The numbered tutorial suite teaches one step at a time; csv_to_tensor is a single comprehensive overview.

ExampleWhat it shows
data_00_quickstartThe full happy path in one place
data_01_schema_summaryRow/column counts, names, missing counts, inferred kinds
data_02_select_columnsSelect by name; output order matches the request
data_03_missing_valuesMissing values never become zero silently; explicit fill
data_04_to_tensorOutput shape, row-major order, core matten interop
data_05_errorsDuplicate header, ragged row, non-numeric, missing-at-conversion
csv_to_tensorComprehensive overview of the whole workflow
cargo run -p matten-data --example data_00_quickstart

Output Tensor shape

to_tensor produces a tensor of shape [rows, columns], where rows are the data rows (the header is not a row) and columns are the selected columns in the order you requested them. The data is row-major: row 0’s values come first, then row 1’s, and so on. Once converted, the result is an ordinary matten::Tensor — every core operation applies.

Missing-value policy

Missing cells are never silently turned into 0. A missing value that reaches numeric conversion is a precise MissingValue { column, row } error (the row is the 1-based CSV line number). You decide what a missing value means by calling fill_missing with an explicit value before converting.

Numeric conversion policy

Conversion is strict and explicit (try_numeric then to_tensor): integers and floats become f64; booleans and non-numeric text are rejected (they are never coerced to 1/0); and a remaining missing cell is rejected. This keeps the boundary between “table-like text” and “numbers” honest and visible.

Limitations

matten-data has no joins, group-by, pivot, query DSL, lazy execution, indexing/loc/iloc, rolling/window operations, datetime engine, categorical dtype system, or large-data streaming.

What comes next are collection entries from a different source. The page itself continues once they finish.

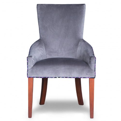 Модель представлена в мягкой, бархатистой ткани микровелюр, которая отлично пропускает воздух, отталкивает пыль и долго сохраняет изначальный цвет, не протираясь и не выцветая. Для этого стула мы также можем подобрать ткань на Ваш вкус из других коллекций. Каркас и ножки стула выполнены из дуба.
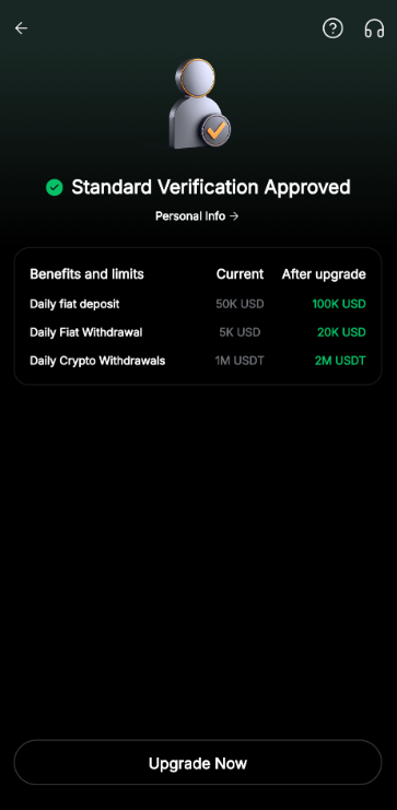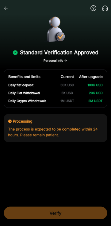 標準的な本人確認が完了すると、認証センターのページに認証済みラベルが表示されます。入金して取引を開始できるようになりました。詳細については、以下の記事を参照してください。よくある質問 — 個人KYC
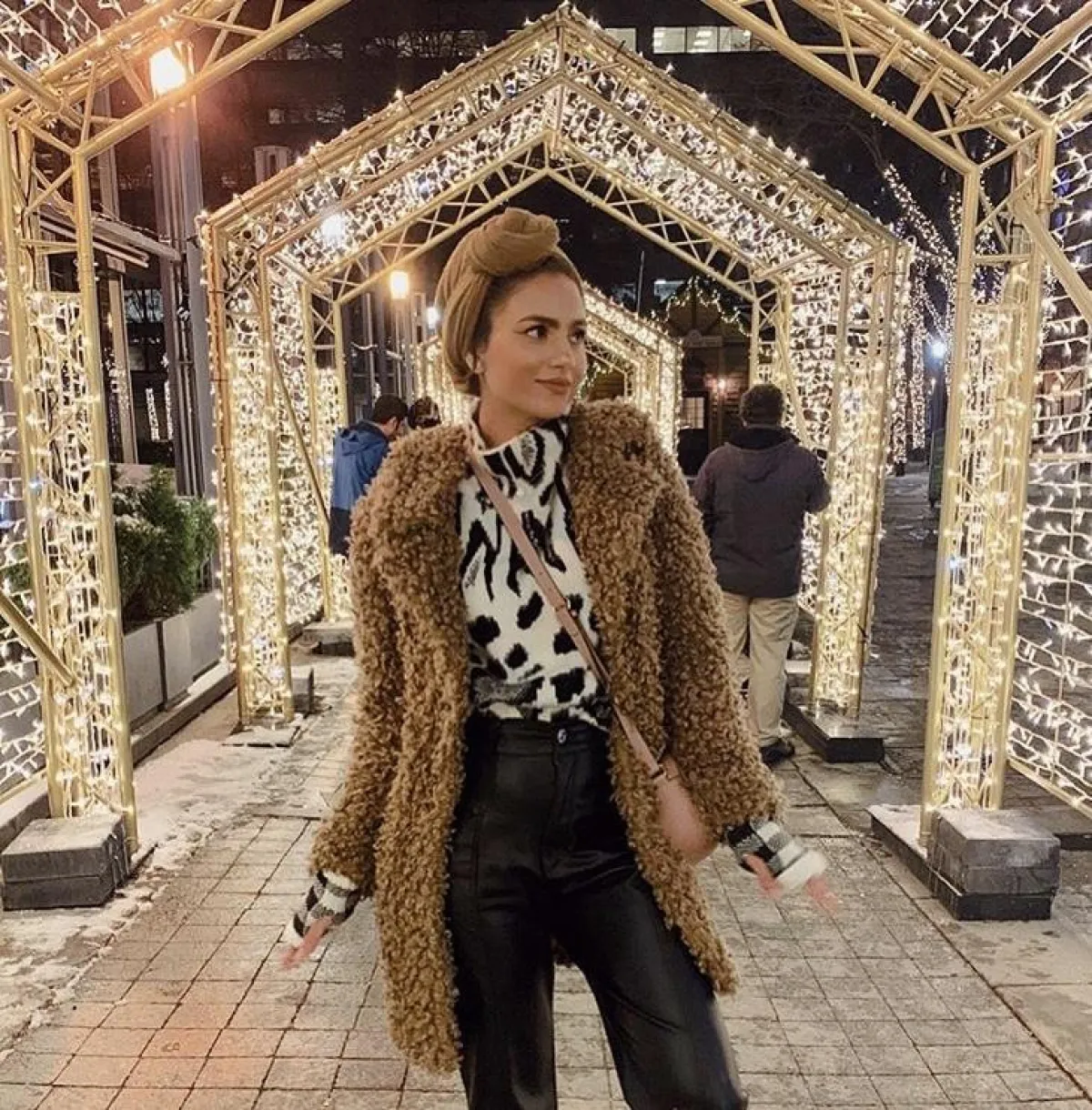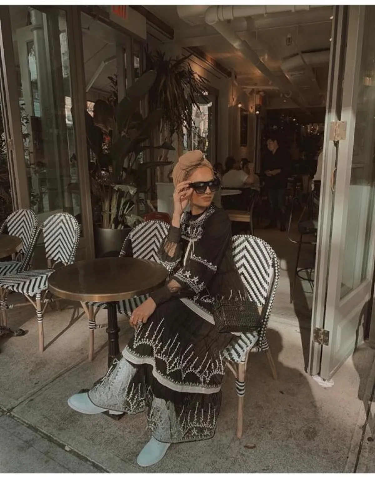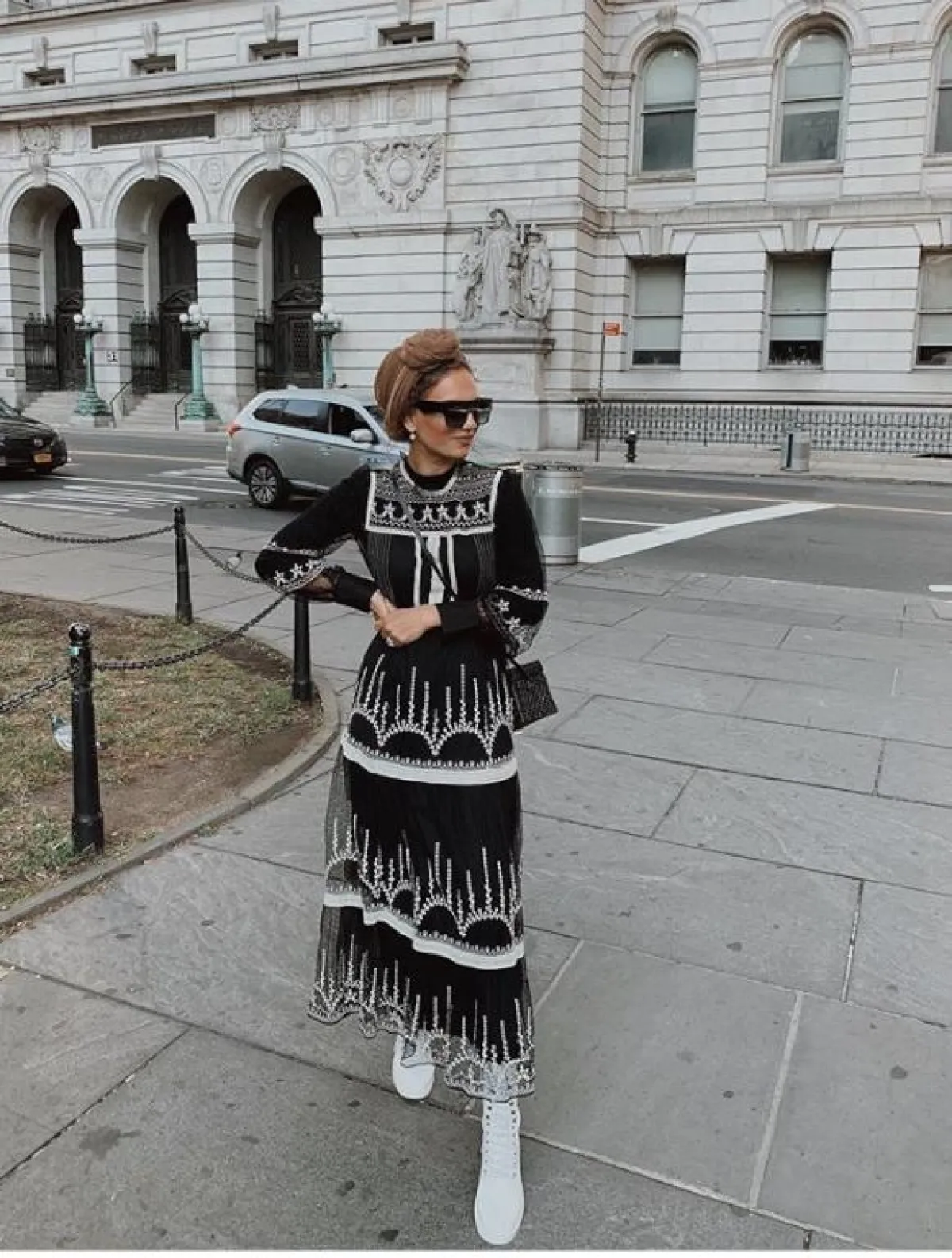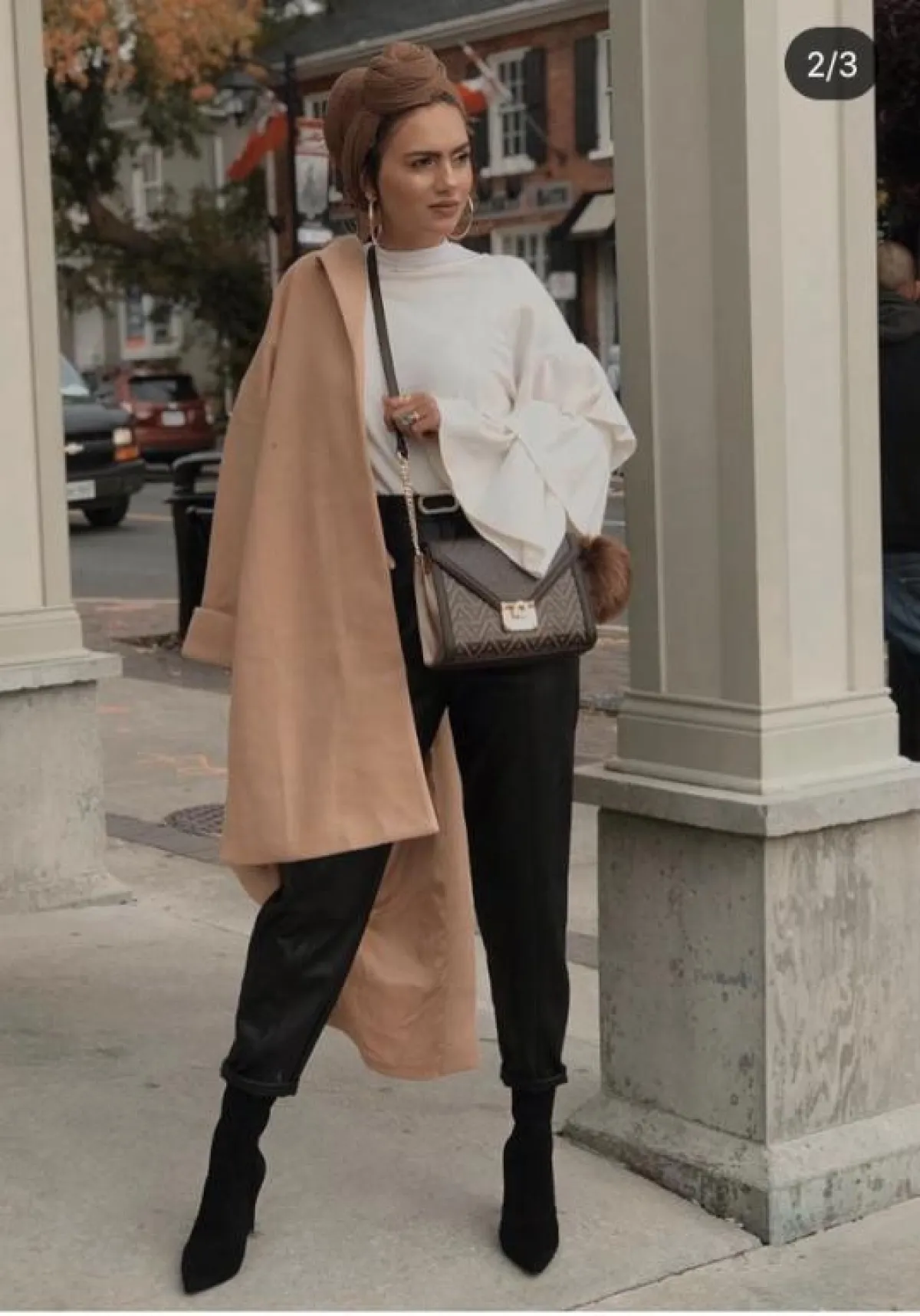 نسقت ظهيرة البوت الأسود مع الجمبسوت لتنسيق ذكي يجعلها تبدو أطول، مع شنطة بيد طويلة وتوربان باللون البيج المخملي.

It is for small, application-validated or trusted data. When you need those capabilities, reach for a dataframe/query engine (Polars, DataFusion, Pandas) instead.

Status and maturity

Production-ready candidate (0.28.x family). The table-to-Tensor API is mostly stable but pre-1.0; pin the minor version. The crate’s scope is locked and enforced in CI (RFC-042), and core matten never depends on it (RFC-022).